The biofilm depicted was the result of an inoculation involving two distinct bacterial strains: a cellulose-overexpressing, surface-colonizing wild type tagged with mScarlet, and a GFP-tagged mutant that lacks the ability to colonize surfaces. As the culture matures, initial micro-colonies form and eventually fuse to develop into a confluent biofilm, as shown in the image. Mr. Schwarz’s research is dedicated to understanding how these colonies interact, whether they mix, remain distinct, or if one strain eventually overgrows the other.

Interestingly, biofilms like these can undergo collapse due to their own mass, prompting Pseudomonas fluorescence to evolve new strategies for survival.
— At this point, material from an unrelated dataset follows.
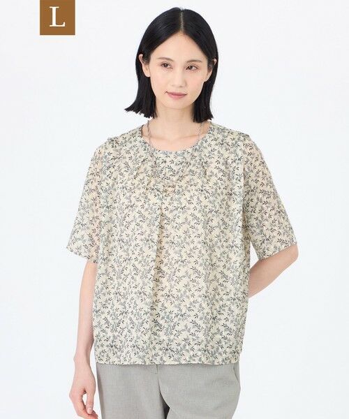【L】【ウォッシャブル】シャドーフラワープリントプルオーバーブラウス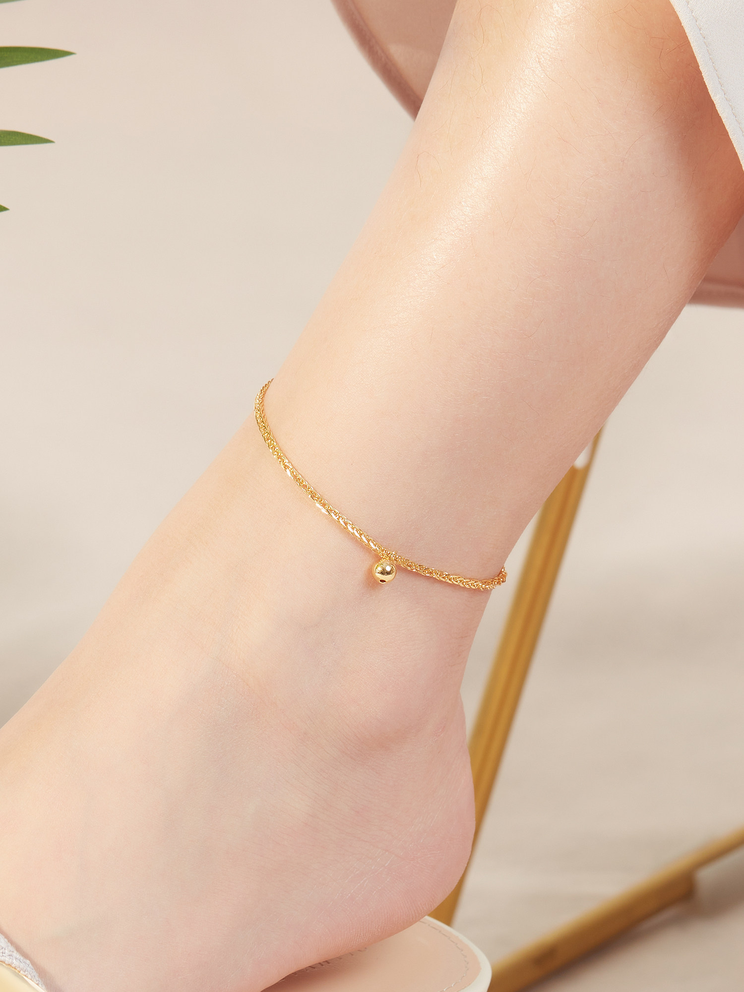 六福珠宝黄金金珠脚链小圆珠足金脚链女款送礼计价F63TBGB0027

This dynamic process contributes to the emergence of a unique life cycle.

The original data from this study is managed using the OMERO image data management system. While the OMERO instance of the Fraunhofer Institute is not publicly accessible, we put efforts in to adhere to the FAIR principles by transferring the data to the publicly accessible OMERO at the University of Münster. This was achieved using the python-based CLI tool, omero-cli-transfer, which since 2023 solves the longstanding challenge of transferring data between different OMERO instances. This development underscores the commitment from the bioimaging community together with OME to evolve OMERO in response to researchers’ needs. Additionally, the image has been made available on Zenodo for wider accessibility.
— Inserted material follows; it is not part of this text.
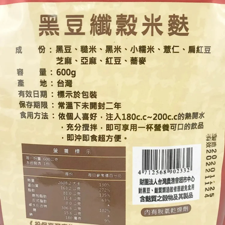【過敏原資訊】本產品含有黑豆、麩質之穀物及其製品,不適合其過敏體質者食用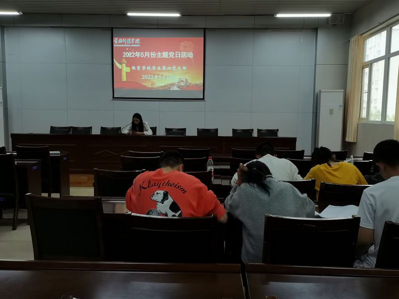 5月12日下午2点半,全讯新2网官网学生四个党支部在体育馆205会议室举行5月份联合“主题党日”活动。活动中全体党员一起奏唱国歌、重温入党誓词、诵读党章,并完成“复兴壹号”平台上交纳党费工作。本次活动主题是:全力以赴稳增长、坚守底线保安全。

By showcasing projects like this one, we illustrate the potential and importance of proper image data management. Such efforts serve as examples of how data can be systematically shared, validated, and reused, demonstrating the critical role these practices play in enhancing our understanding of e.g. microbial ecosystems and their intricate behaviors.
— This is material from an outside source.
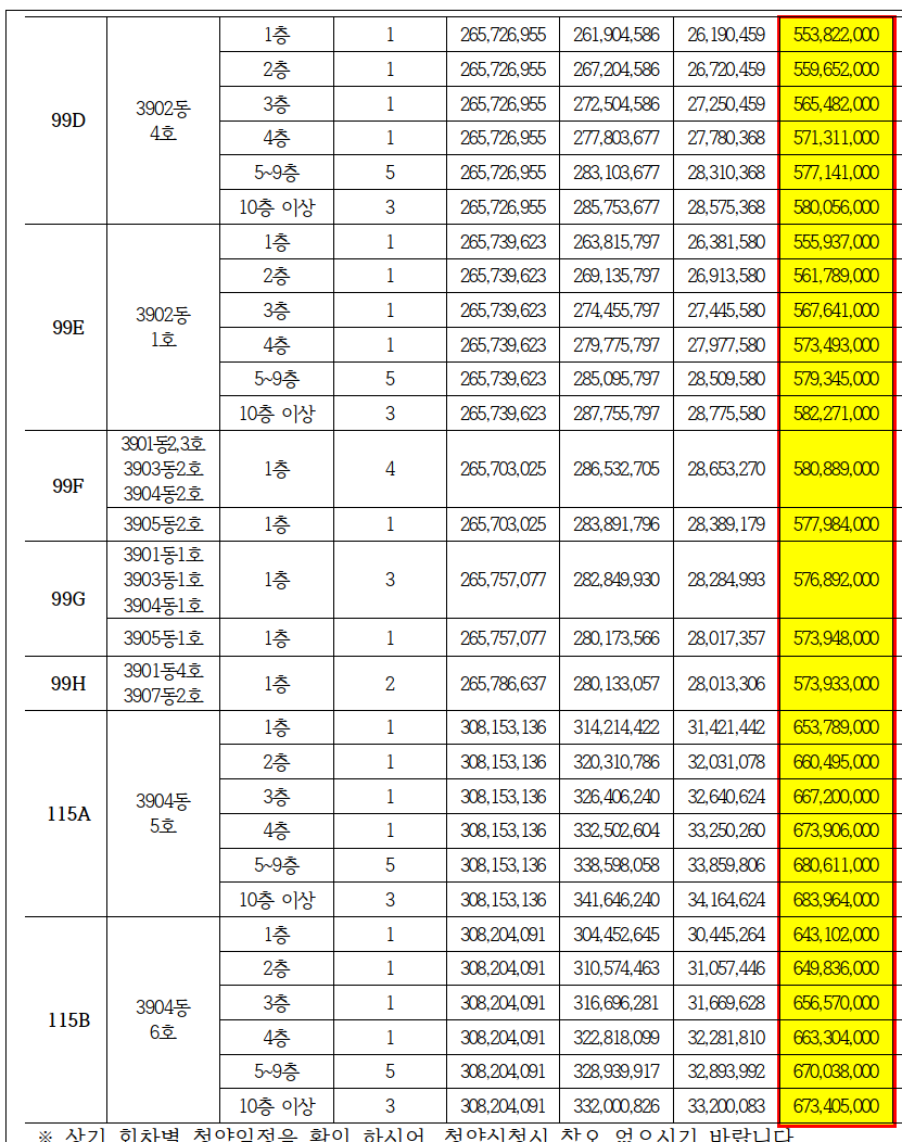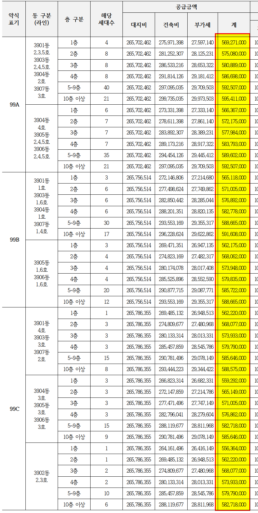- 전용 99m2 : 5억5382만2천원 ~ 5억6541만1천원

Stay tuned for more interesting stories and showcases in the months to come.

 

April 2025: Imaging in Geospatial Context

This month we present a screenshot from the tool BIIGLE, which stands for Benthic Image Indexing and Graphical Labelling Environment. BIIGLE is a web-based tool designed for efficient annotation of still images and videos [1, 2]. Originally developed for marine environmental research and monitoring, it can be applied to various types of image and video annotation. The tool is freely available and can be installed in cloud environments, a local network or on mobile platforms during research expeditions. A public instance can be found at biigle.de. The tool finds its support and use in the NFDI consortia NFDI4Biodiversity and NFDI4Earth.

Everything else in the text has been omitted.